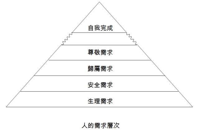 每個人都有需求,一種身心需要和心靈求上的動力。馬斯洛把所有的需求組織成為一個互相關聯又互動向上的系統,稱為「需求層次」(Hierarchy of Needs)。它大分五層,最高的一層具有特殊人生意義,反照人類高貴人格的多種特點。
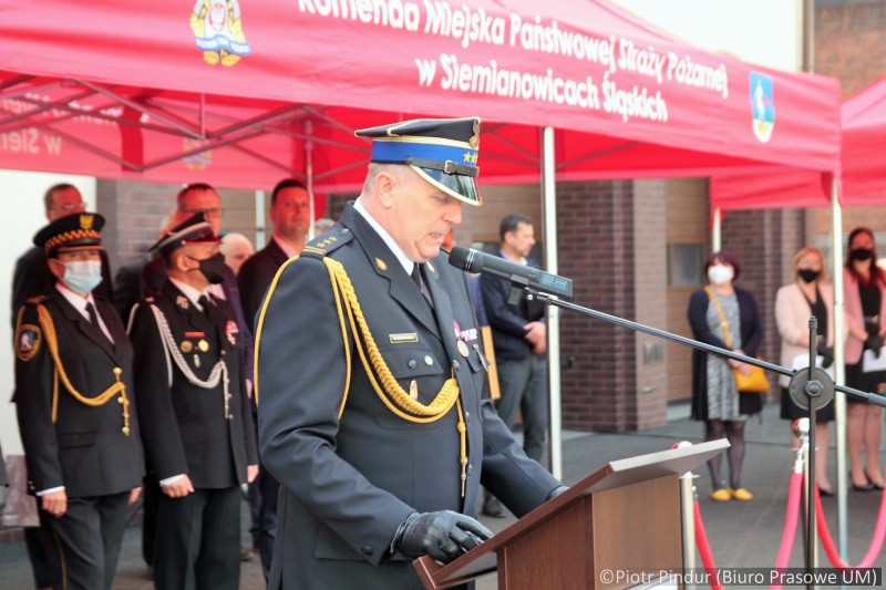 Zaproszonych gości przywitał Komendant Miejski PSP w Siemianowicach Śląskich st. bryg. Rafał Świerczek, który w swoim wystąpieniu uczcił minutą ciszy pamięć strażaków i pracowników cywilnych straży pożarnej, którzy w ubiegłym roku odeszli na wieczną służbę. Następnie podziękował funkcjonariuszom i pracownikom cywilnym za całoroczną służbę i pracę oraz omówił dotychczasowe osiągnięcia.
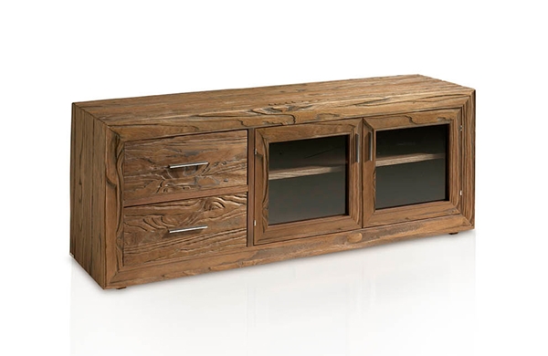 Mueble TV con estrucura, frente de cajones y puertas fabricados en madera de mobila erosionada artesanalmente. Incluye 2 cajones y 2 puertas de cristal transparente con estante de madera en su interior y trasera con hueco para poder pasar los cables.
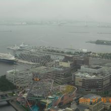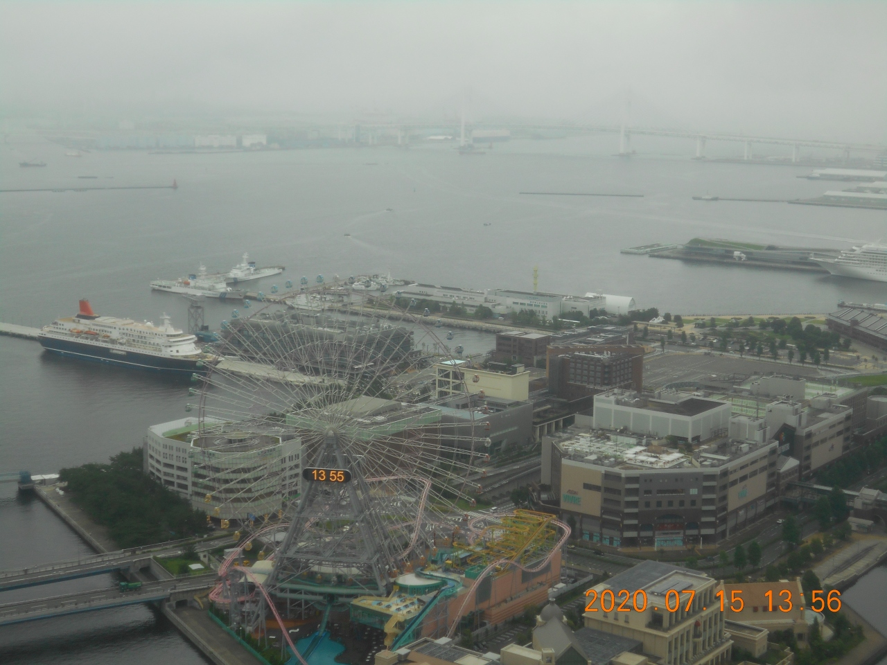 いつもは見上げている時刻表示の電光板を上から眺めるとこんな感じになるんだと改めて思う光景です。いくつかの建物がコスモクロックの編み目の向こうに透けて見える感じも新鮮で、地上から見る景色とは全く違っていました。
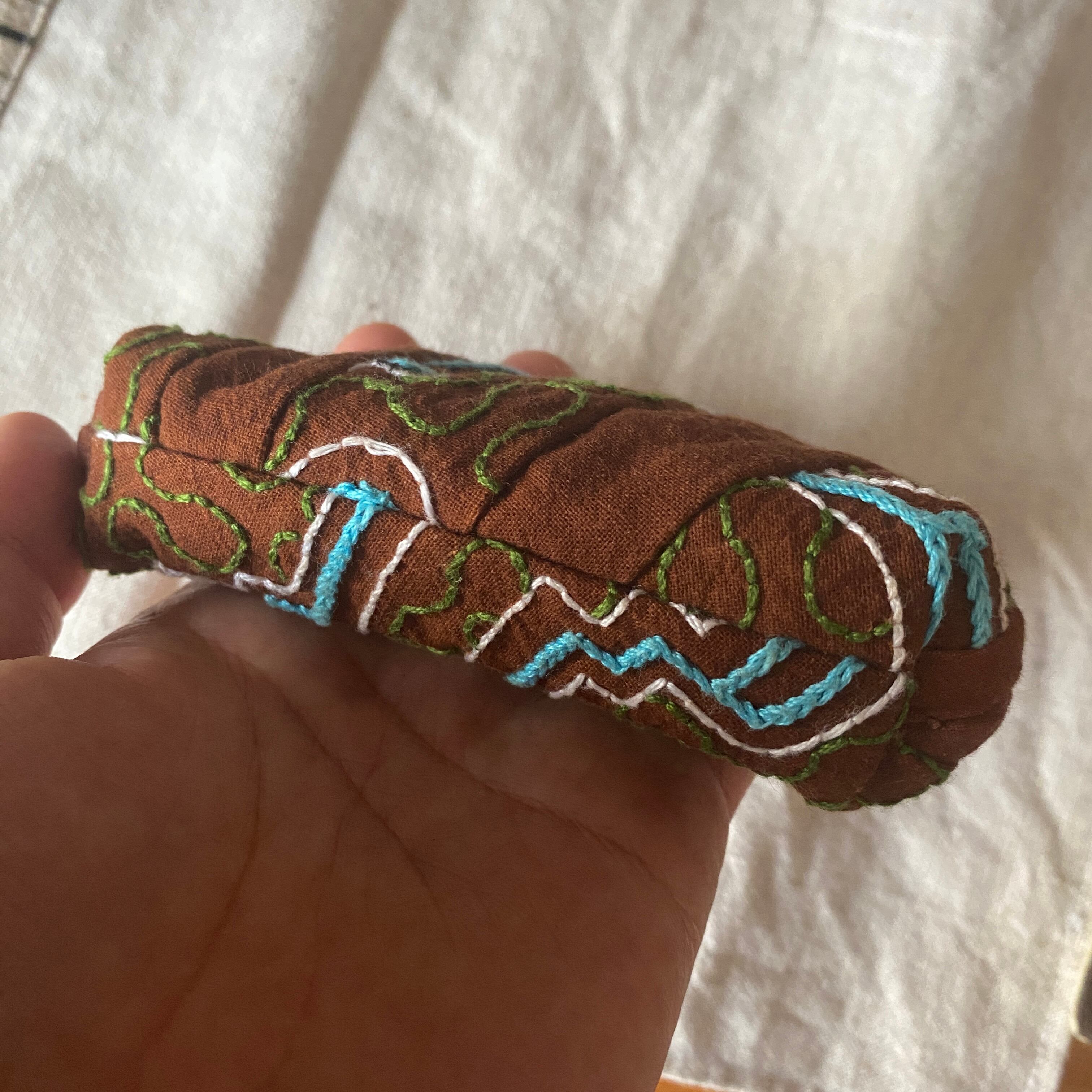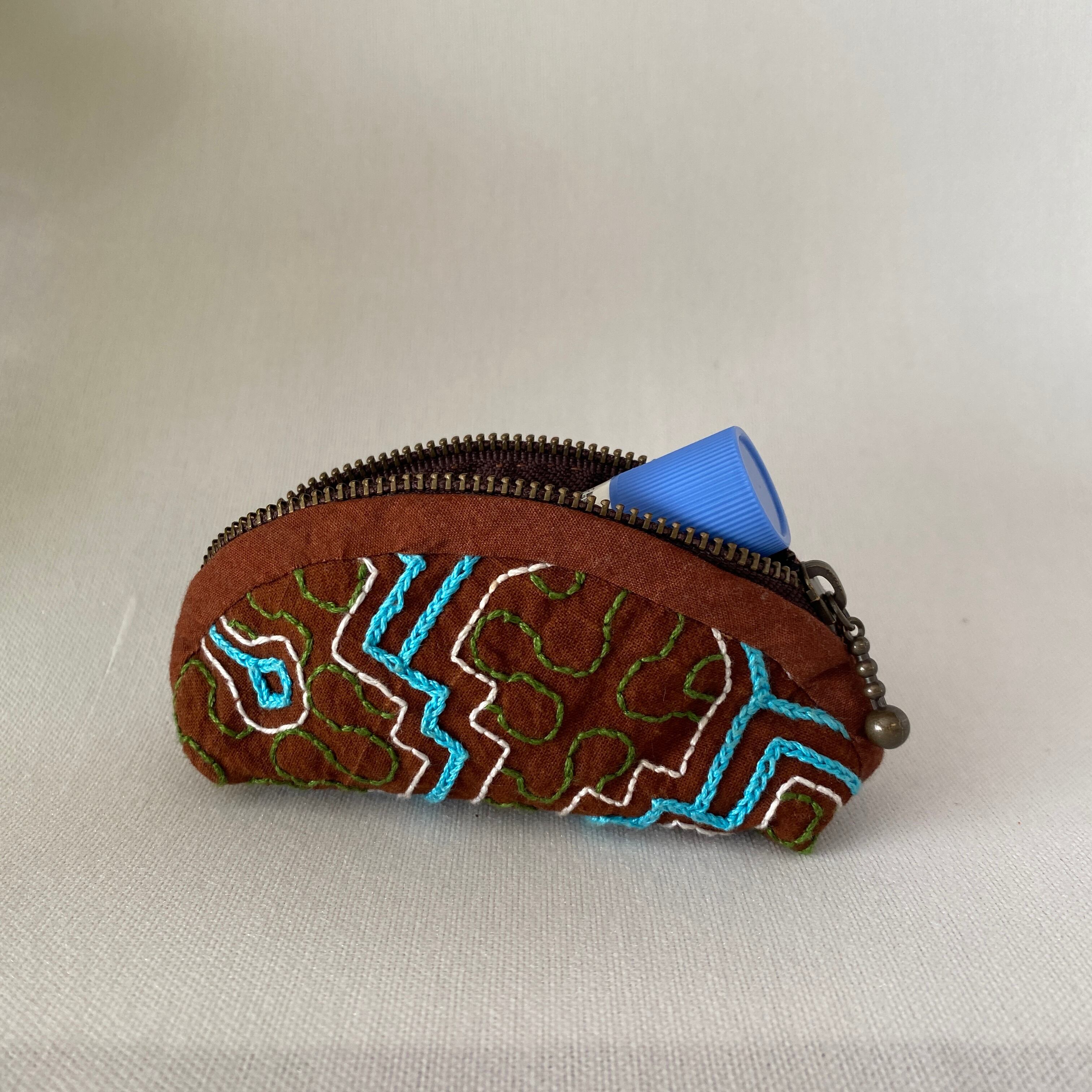 ◎丸ポーチ47 水色刺繍細長 10x5x3cm シピボ族の泥染め

- **WHAT NEEDS TO BE DONE**:
All of the records should be set down exactly, minus the pictures they hold.

- **WORKED SOLUTION**:
 每個人都有需求,一種身心需要和心靈求上的動力。馬斯洛把所有的需求組織成為一個互相關聯又互動向上的系統,稱為「需求層次」(Hierarchy of Needs)。它大分五層,最高的一層具有特殊人生意義,反照人類高貴人格的多種特點。
 Zaproszonych gości przywitał Komendant Miejski PSP w Siemianowicach Śląskich st. bryg. Rafał Świerczek, który w swoim wystąpieniu uczcił minutą ciszy pamięć strażaków i pracowników cywilnych straży pożarnej, którzy w ubiegłym roku odeszli na wieczną służbę. Następnie podziękował funkcjonariuszom i pracownikom cywilnym za całoroczną służbę i pracę oraz omówił dotychczasowe osiągnięcia.
 Mueble TV con estrucura, frente de cajones y puertas fabricados en madera de mobila erosionada artesanalmente. Incluye 2 cajones y 2 puertas de cristal transparente con estante de madera en su interior y trasera con hueco para poder pasar los cables.
 いつもは見上げている時刻表示の電光板を上から眺めるとこんな感じになるんだと改めて思う光景です。いくつかの建物がコスモクロックの編み目の向こうに透けて見える感じも新鮮で、地上から見る景色とは全く違っていました。
 ◎丸ポーチ47 水色刺繍細長 10x5x3cm シピボ族の泥染め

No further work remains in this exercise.